A 100% plus return in just 12-months is the type of head turning performance that can attract a crowd. And it has.
The Deutsche Harvest CSI 300 China A-Shares ETF (ASHR) has surged 125% over the past year while its small cap cousin the Deutsche Harvest CSI 500 China-A Shares Small Cap ETF (ASHS) has jumped 150%. Neither ASHR nor ASHS uses leverage to magnify performance.
When ASHR was first launched in November 2013, it was a fairly obscure fund with less than $200 million in assets. Since then, ASHR’s asset base has surged seven-fold to around $1.5 billion.
Both ASHR and ASHS own Chinese companies that are incorporated in the mainland and are traded in Shanghai or Shenzhen in China’s official currency, the renminbi (or RMB).
What Your Peers Are Reading
If China’s equity bull market is to continue, here are some of the catalysts that will drive it.
Accommodative Central Bank
Reams have been written about the influence of central bankers on asset prices. And like other global markets from Japan to the U.S, the Chinese stock market has been the beneficiary of its monetary policy makers.

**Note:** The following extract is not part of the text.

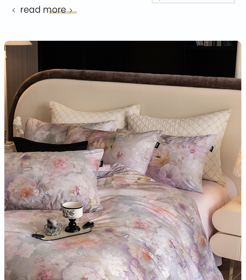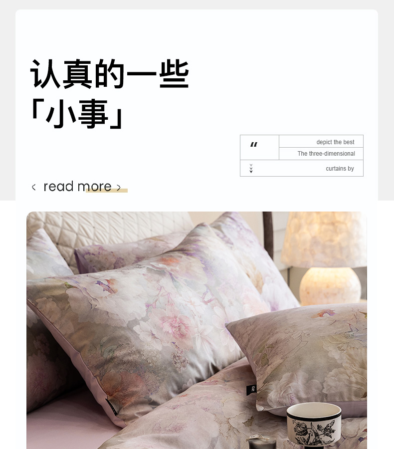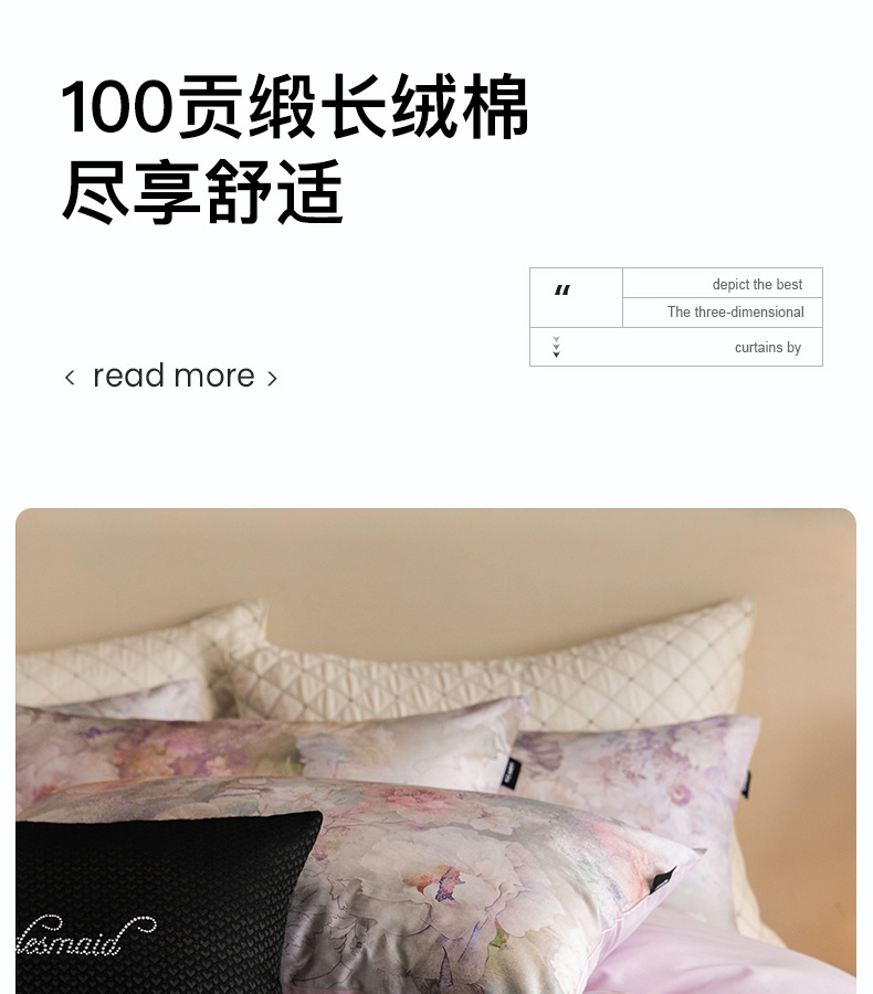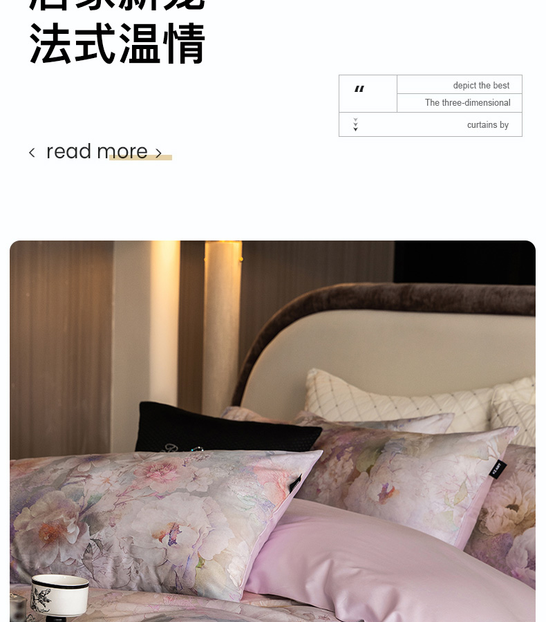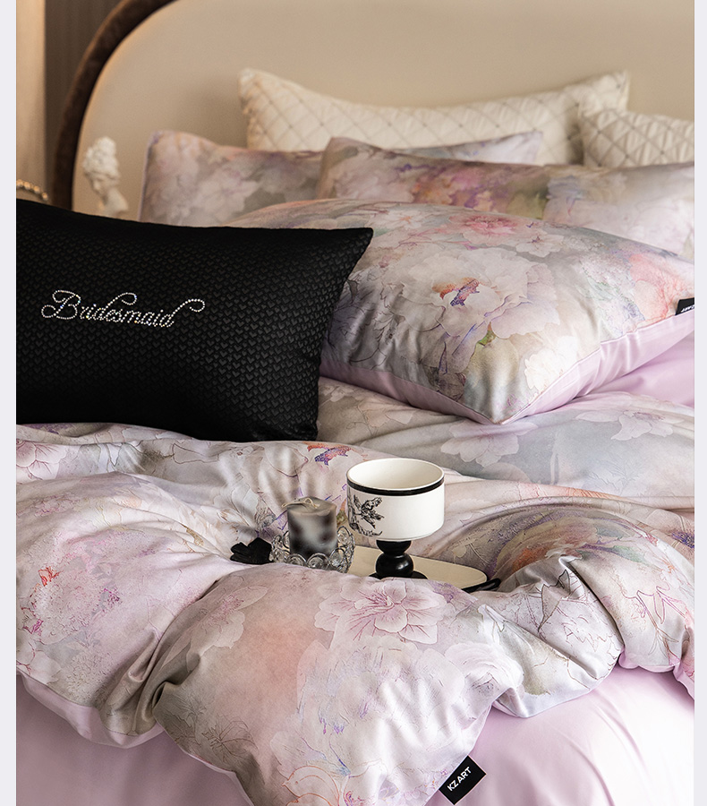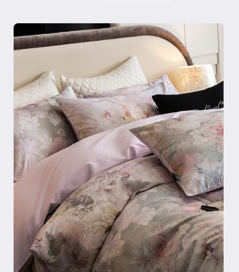 佳汐蓝家纺 2025新款春夏100贡缎长绒棉数码印花四件套 闲云归处-粉

The People’s Bank of China (PBOC), for example, has cut benchmark interest rates three times in the past six months on top of reductions in banks’ reserve requirement ratio.
Loosening of Foreign Capital Restrictions
Another boom to Chinese equities is the ongoing relaxation of foreign capital investment by the government.

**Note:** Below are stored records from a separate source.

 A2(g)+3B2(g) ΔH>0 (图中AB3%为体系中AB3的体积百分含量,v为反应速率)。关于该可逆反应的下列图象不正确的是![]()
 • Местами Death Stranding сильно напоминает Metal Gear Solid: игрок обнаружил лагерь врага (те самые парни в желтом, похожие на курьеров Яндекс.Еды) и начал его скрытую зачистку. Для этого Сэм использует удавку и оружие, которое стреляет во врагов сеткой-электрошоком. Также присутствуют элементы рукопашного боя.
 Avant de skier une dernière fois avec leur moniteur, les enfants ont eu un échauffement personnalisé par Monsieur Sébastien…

Although China still restricts investments made in A-shares, which trade in Shanghai and Shenzhen, to domestic Chinese investors and Renminbi Qualified Foreign Institutional Investors (RQFII), the recent introduction of U.S. listed ETFs that invest in Chinese A-shares is evidence the Chinese government seems poised to allow more foreign investment. If this liberalization continues, it could pave the way to higher equity prices.
Membership in Equity Indexes
China’s $6 trillion onshore A-shares market could be just a few years away from being included in important emerging market benchmarks. And it seems major index providers already understand this.